#### AIM OF THE EXERCISE
As the answer, return precisely the lines from the one containing "ツイッター | かわさきはるなさんのツイッターID『namakemono_kun』 |" to the final line of the material below, inclusive, and omit every picture.

[Opening DATASET EXCERPT section]

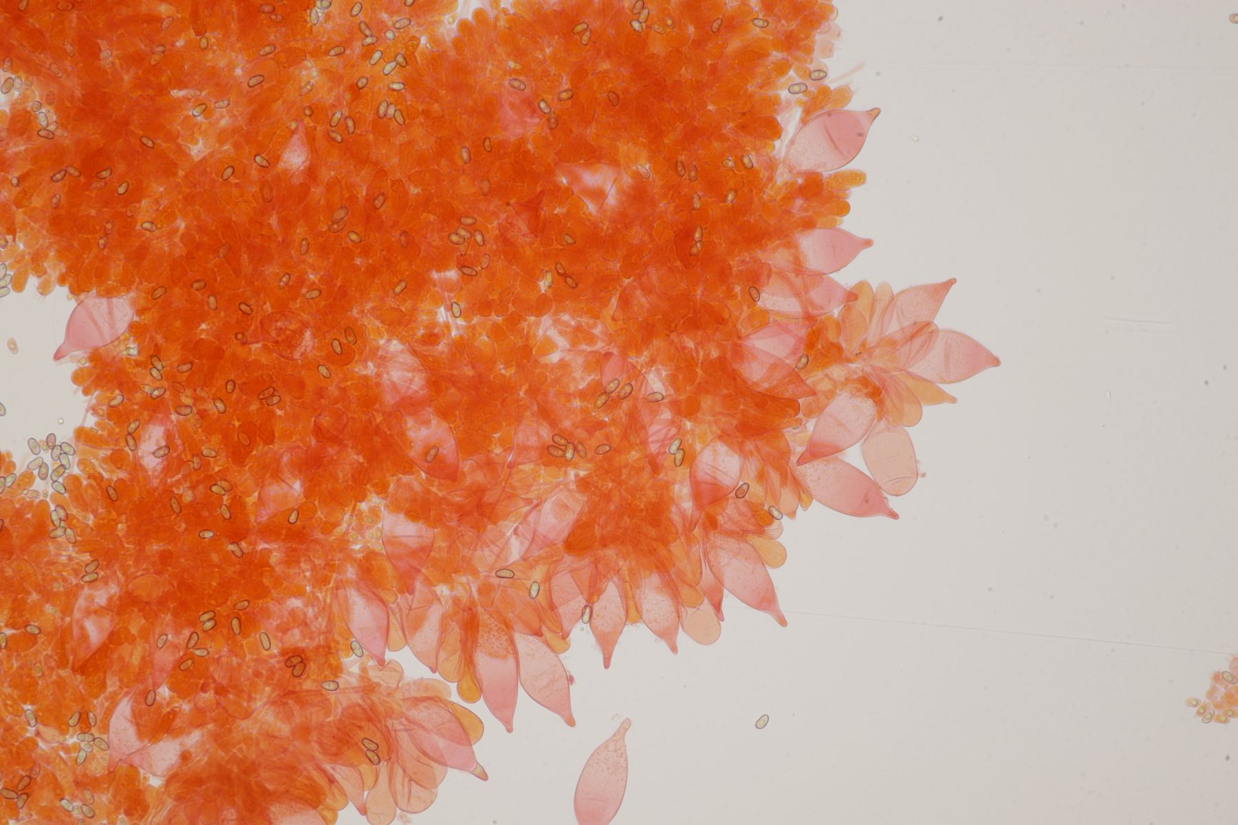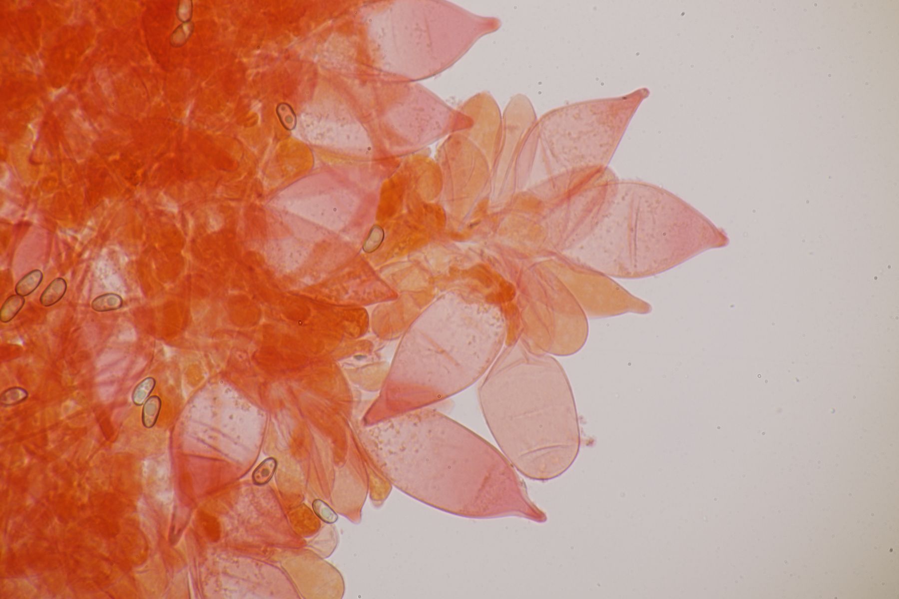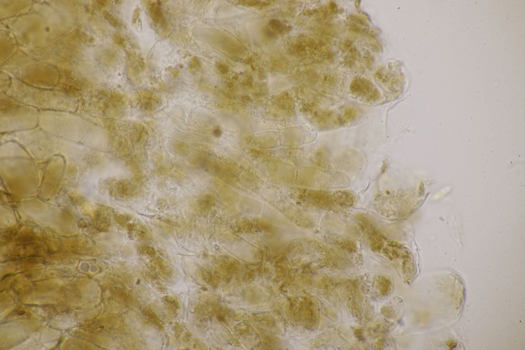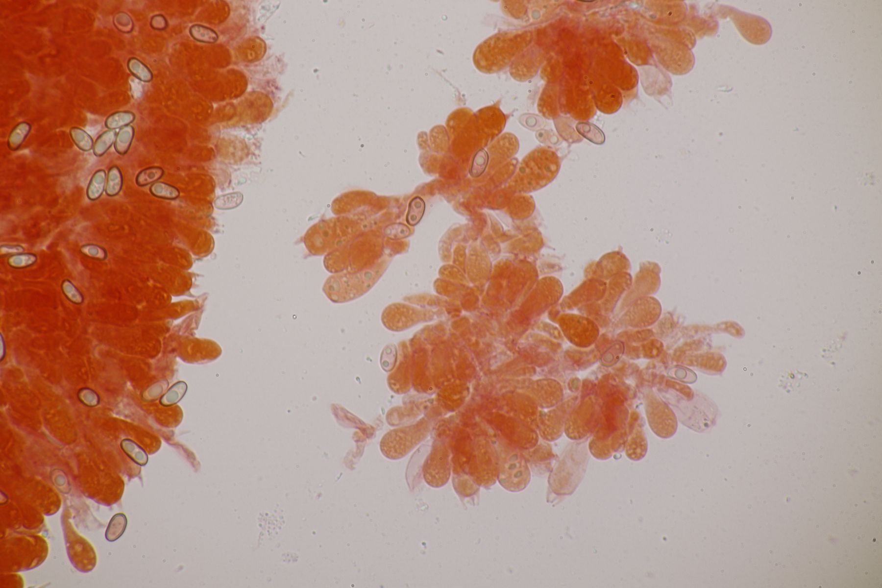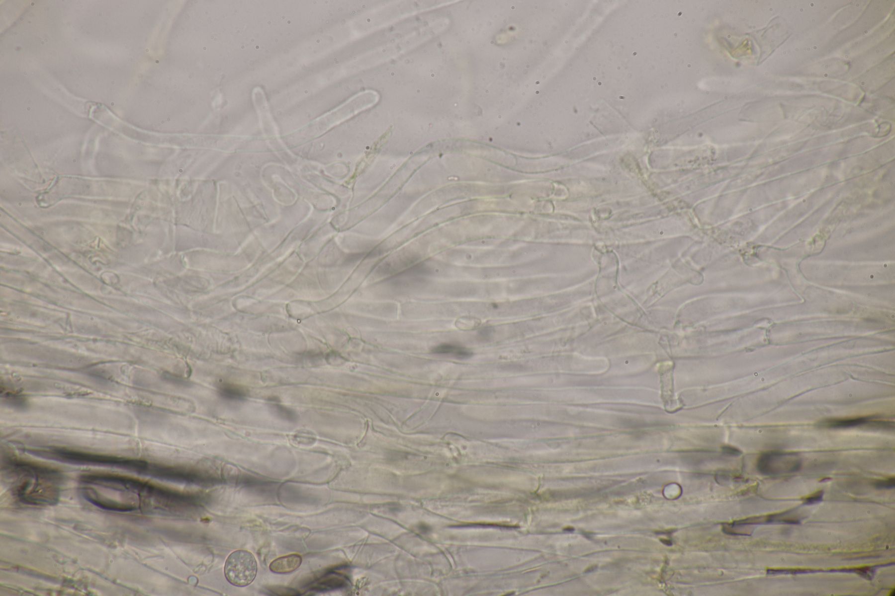 8. Eine Cyanula, die auf der Fläche eines ehemaligen Fischteichs wächst. Die Fläche ist jetzt nur noch im Frühling überflutet und den Rest des Jahres trockengefallen. Der Boden ist hier nicht super mager, da sich auf dem Sandboden im Laufe der Zeit auch etwas Teichschlamm abgelagert hat. Sporen messen 10,4±0,8 µm × 7,9±0,5 µm, Q=1,3±0,1; 9,1-11,6 µm × 6,8-8,8 µm, Q=1,1-1,4. Die Lamellenschneide ist fertil, eventuell sind dort einige sehr schmale Cheilozystiden - das könnten aber auch einfach Basidiolen sein.
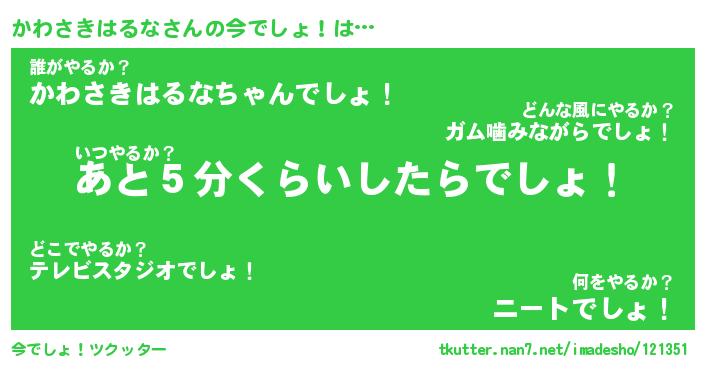 | ツイッター | かわさきはるなさんのツイッターID『namakemono_kun』 |
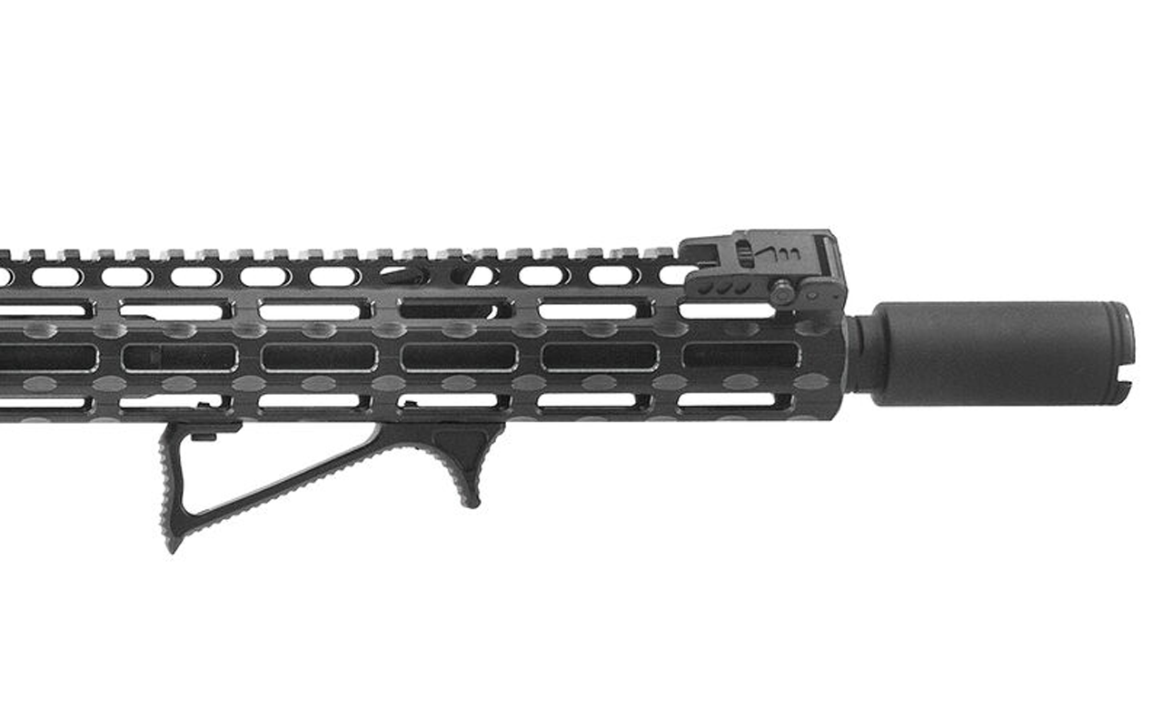 This angled foregrip enhances the look of your AR15 and also allows you to fit the rifle more snuggly into your shoulder which provides more resistance to recoil impulse. The inside of the angled foregrip is serrated and allows for great retention. Improve weapon control for more accurate and faster follow up shoots by positioning the hand high on the centerline of the the bore.

[Closing DATASET EXCERPT section]

#### TASK OUTPUT
 | ツイッター | かわさきはるなさんのツイッターID『namakemono_kun』 |
 This angled foregrip enhances the look of your AR15 and also allows you to fit the rifle more snuggly into your shoulder which provides more resistance to recoil impulse. The inside of the angled foregrip is serrated and allows for great retention. Improve weapon control for more accurate and faster follow up shoots by positioning the hand high on the centerline of the the bore.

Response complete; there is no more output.